== PROMPT ==
Make an exact copy, from the records below, of the lines from the line containing "Figure E.17: Spectral" to the line containing "سلسلة أنيقة ذات", both lines included, excluding pictures.

== TASK INPUTS ==

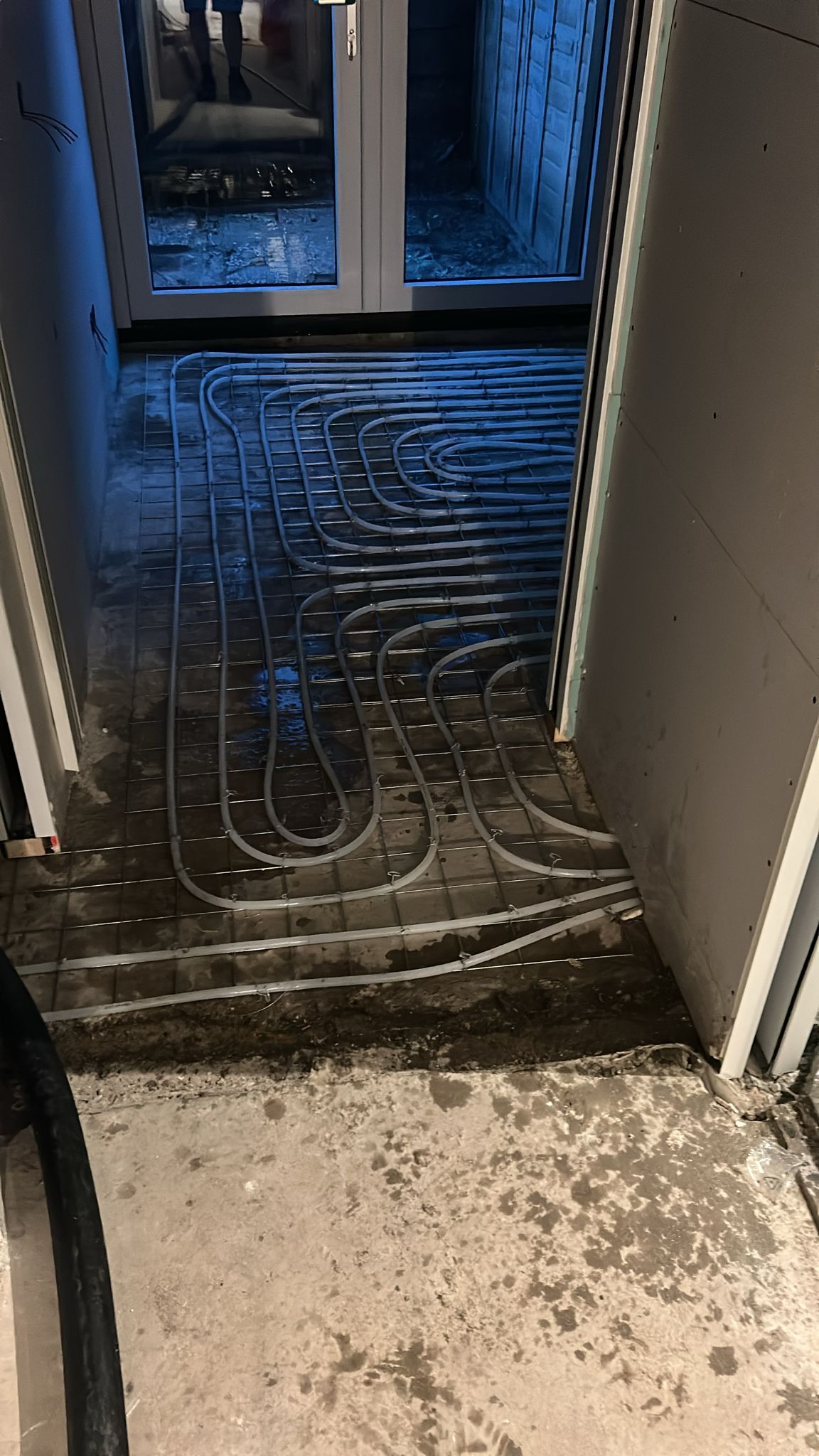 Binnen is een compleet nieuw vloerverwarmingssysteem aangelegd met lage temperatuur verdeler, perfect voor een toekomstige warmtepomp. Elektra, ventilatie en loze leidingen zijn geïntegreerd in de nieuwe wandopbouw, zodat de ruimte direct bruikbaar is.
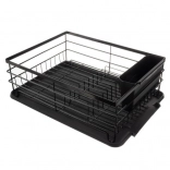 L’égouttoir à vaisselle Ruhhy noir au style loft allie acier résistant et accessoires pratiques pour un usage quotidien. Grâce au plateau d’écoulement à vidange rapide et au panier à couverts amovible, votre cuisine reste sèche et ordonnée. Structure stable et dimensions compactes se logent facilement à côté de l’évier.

* * *

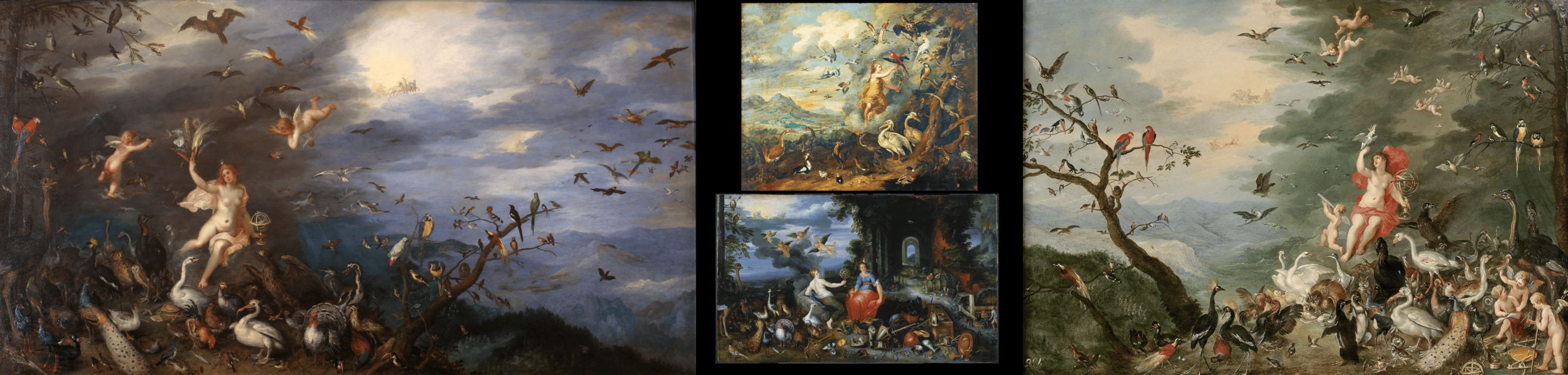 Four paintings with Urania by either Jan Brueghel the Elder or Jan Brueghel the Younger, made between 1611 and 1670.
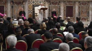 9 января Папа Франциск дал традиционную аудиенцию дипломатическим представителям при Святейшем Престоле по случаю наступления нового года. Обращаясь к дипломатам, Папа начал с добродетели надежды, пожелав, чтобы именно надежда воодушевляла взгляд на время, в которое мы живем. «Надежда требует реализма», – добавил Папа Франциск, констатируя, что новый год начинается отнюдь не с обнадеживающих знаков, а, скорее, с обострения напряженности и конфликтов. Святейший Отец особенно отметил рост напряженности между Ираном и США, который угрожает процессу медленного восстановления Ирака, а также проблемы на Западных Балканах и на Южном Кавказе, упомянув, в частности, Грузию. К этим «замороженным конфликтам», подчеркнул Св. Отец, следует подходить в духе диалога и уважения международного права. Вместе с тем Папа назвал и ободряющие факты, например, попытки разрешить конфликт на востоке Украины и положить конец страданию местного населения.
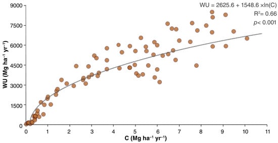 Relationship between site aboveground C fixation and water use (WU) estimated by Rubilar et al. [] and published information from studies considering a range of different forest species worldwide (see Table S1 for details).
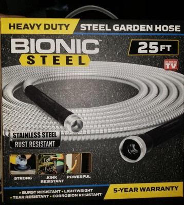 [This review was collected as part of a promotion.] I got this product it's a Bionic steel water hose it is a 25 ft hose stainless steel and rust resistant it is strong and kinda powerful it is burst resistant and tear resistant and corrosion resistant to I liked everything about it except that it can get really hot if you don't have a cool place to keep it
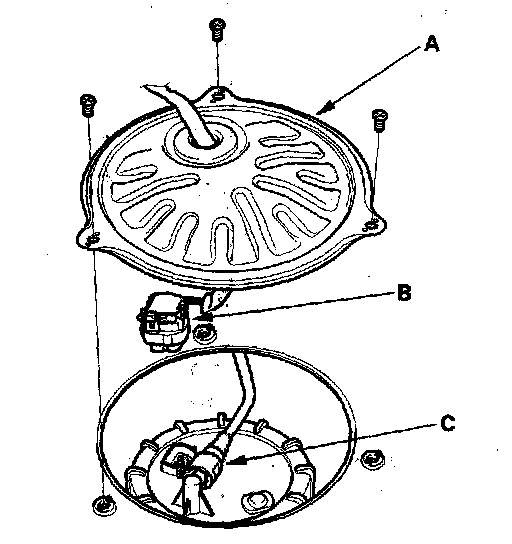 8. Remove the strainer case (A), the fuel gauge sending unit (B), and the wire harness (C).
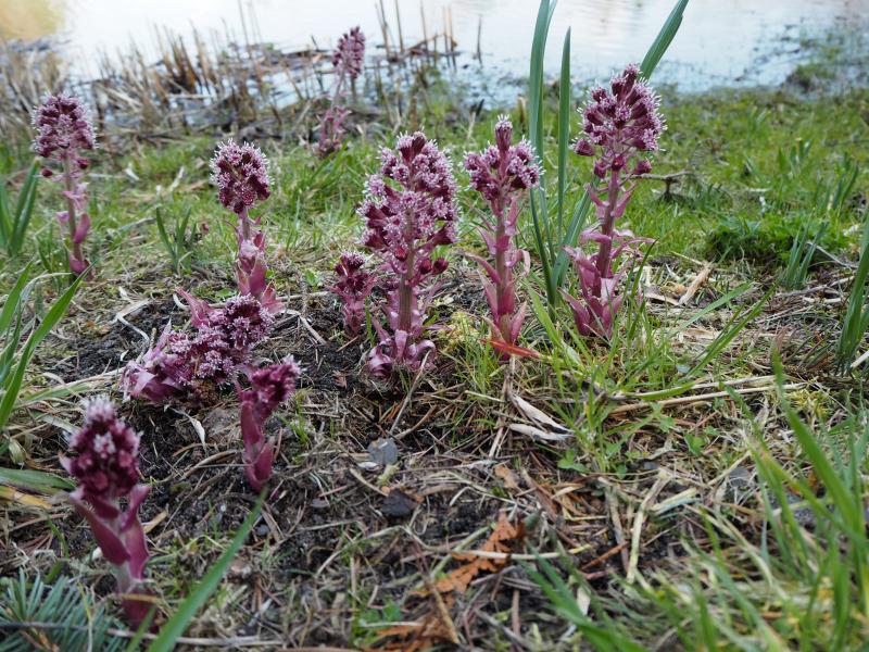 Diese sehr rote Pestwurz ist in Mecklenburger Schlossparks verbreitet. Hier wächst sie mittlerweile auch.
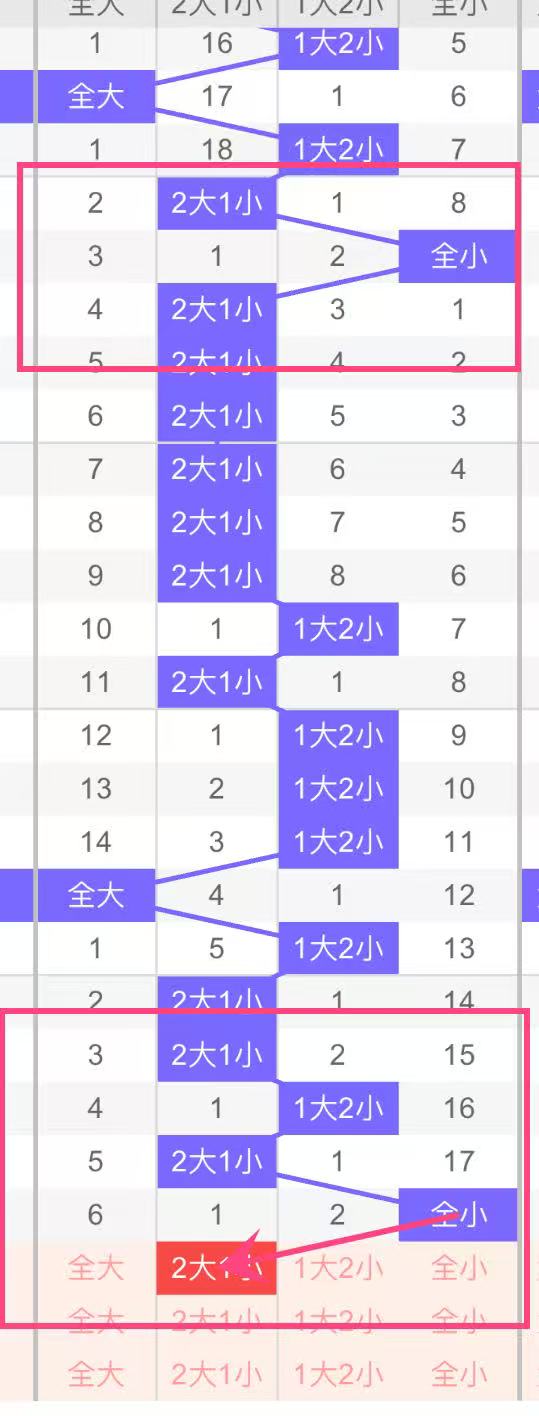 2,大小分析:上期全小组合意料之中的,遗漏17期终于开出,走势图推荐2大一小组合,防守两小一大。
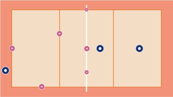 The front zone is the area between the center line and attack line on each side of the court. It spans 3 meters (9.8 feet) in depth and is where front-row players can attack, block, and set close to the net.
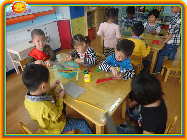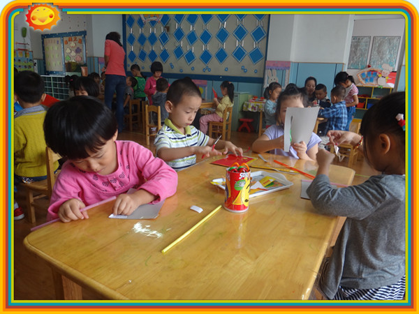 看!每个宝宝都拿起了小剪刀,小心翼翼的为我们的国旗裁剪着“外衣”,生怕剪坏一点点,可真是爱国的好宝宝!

==

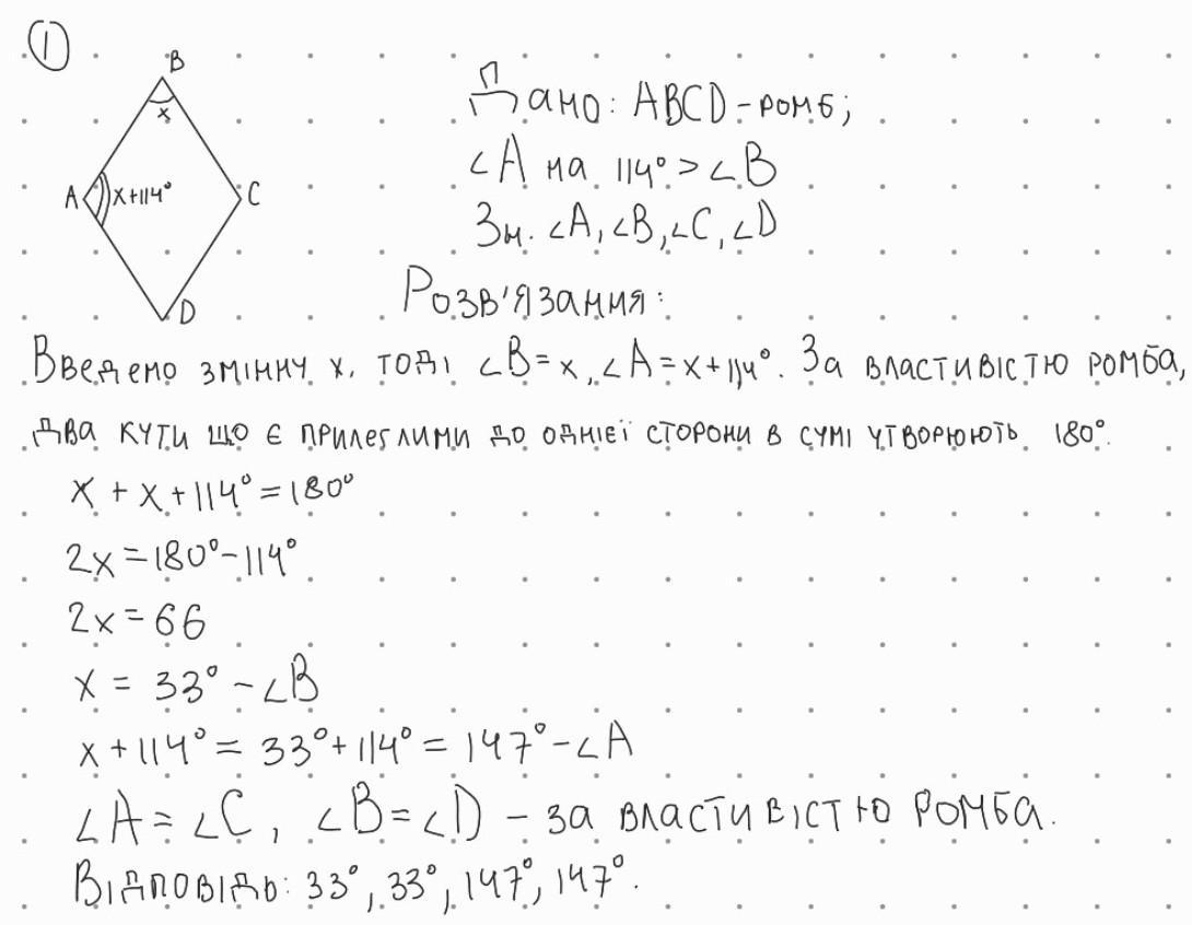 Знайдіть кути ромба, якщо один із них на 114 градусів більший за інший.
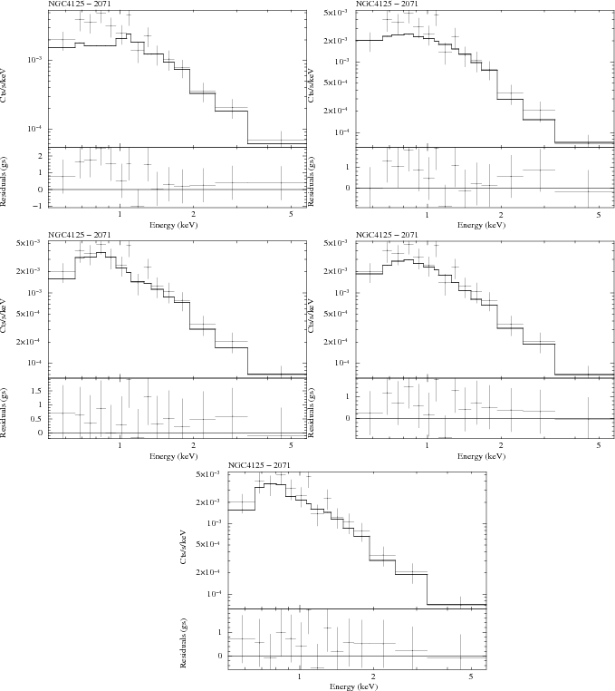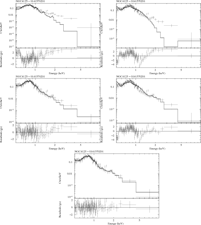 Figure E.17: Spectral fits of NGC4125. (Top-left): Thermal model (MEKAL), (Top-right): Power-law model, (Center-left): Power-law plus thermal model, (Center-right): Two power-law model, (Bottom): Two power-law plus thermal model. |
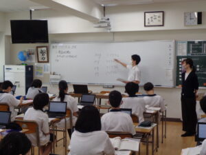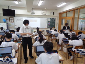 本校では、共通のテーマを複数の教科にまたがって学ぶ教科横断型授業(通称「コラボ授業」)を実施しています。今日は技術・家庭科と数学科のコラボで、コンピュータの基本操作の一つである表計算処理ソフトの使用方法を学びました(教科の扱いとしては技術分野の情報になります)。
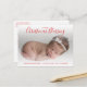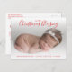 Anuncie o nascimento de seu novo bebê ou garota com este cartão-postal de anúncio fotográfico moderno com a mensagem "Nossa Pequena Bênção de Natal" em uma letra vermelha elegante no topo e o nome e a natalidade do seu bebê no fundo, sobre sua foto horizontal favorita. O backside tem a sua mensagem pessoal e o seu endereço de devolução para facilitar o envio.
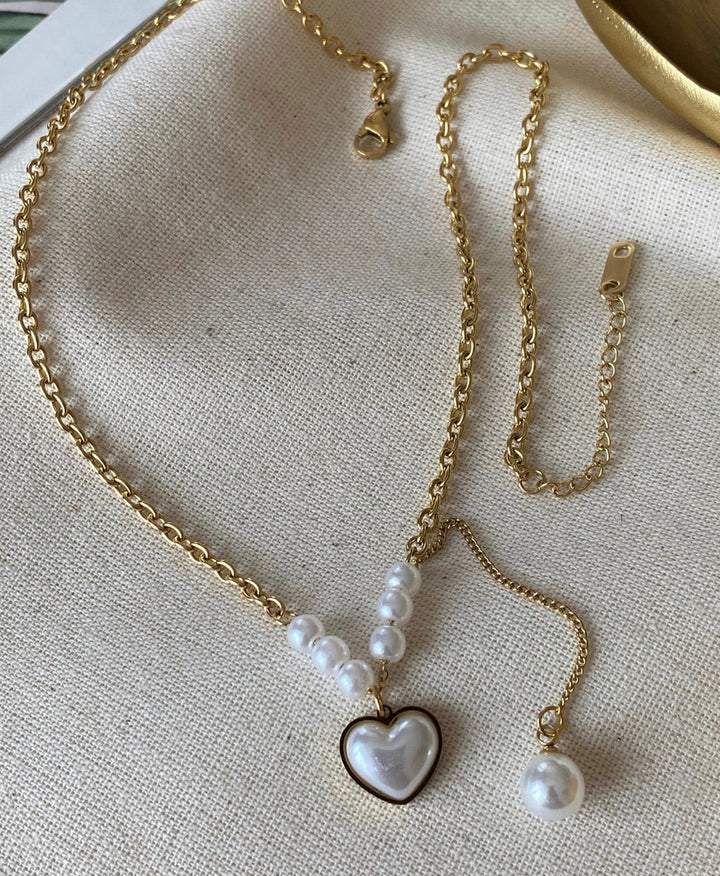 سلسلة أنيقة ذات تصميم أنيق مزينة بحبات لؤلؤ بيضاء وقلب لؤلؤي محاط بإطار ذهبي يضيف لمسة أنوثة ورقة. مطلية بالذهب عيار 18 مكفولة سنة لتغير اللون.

== RESULT OF THIS EXERCISE ==
 Figure E.17: Spectral fits of NGC4125. (Top-left): Thermal model (MEKAL), (Top-right): Power-law model, (Center-left): Power-law plus thermal model, (Center-right): Two power-law model, (Bottom): Two power-law plus thermal model. |
 本校では、共通のテーマを複数の教科にまたがって学ぶ教科横断型授業(通称「コラボ授業」)を実施しています。今日は技術・家庭科と数学科のコラボで、コンピュータの基本操作の一つである表計算処理ソフトの使用方法を学びました(教科の扱いとしては技術分野の情報になります)。
 Anuncie o nascimento de seu novo bebê ou garota com este cartão-postal de anúncio fotográfico moderno com a mensagem "Nossa Pequena Bênção de Natal" em uma letra vermelha elegante no topo e o nome e a natalidade do seu bebê no fundo, sobre sua foto horizontal favorita. O backside tem a sua mensagem pessoal e o seu endereço de devolução para facilitar o envio.
 سلسلة أنيقة ذات تصميم أنيق مزينة بحبات لؤلؤ بيضاء وقلب لؤلؤي محاط بإطار ذهبي يضيف لمسة أنوثة ورقة. مطلية بالذهب عيار 18 مكفولة سنة لتغير اللون.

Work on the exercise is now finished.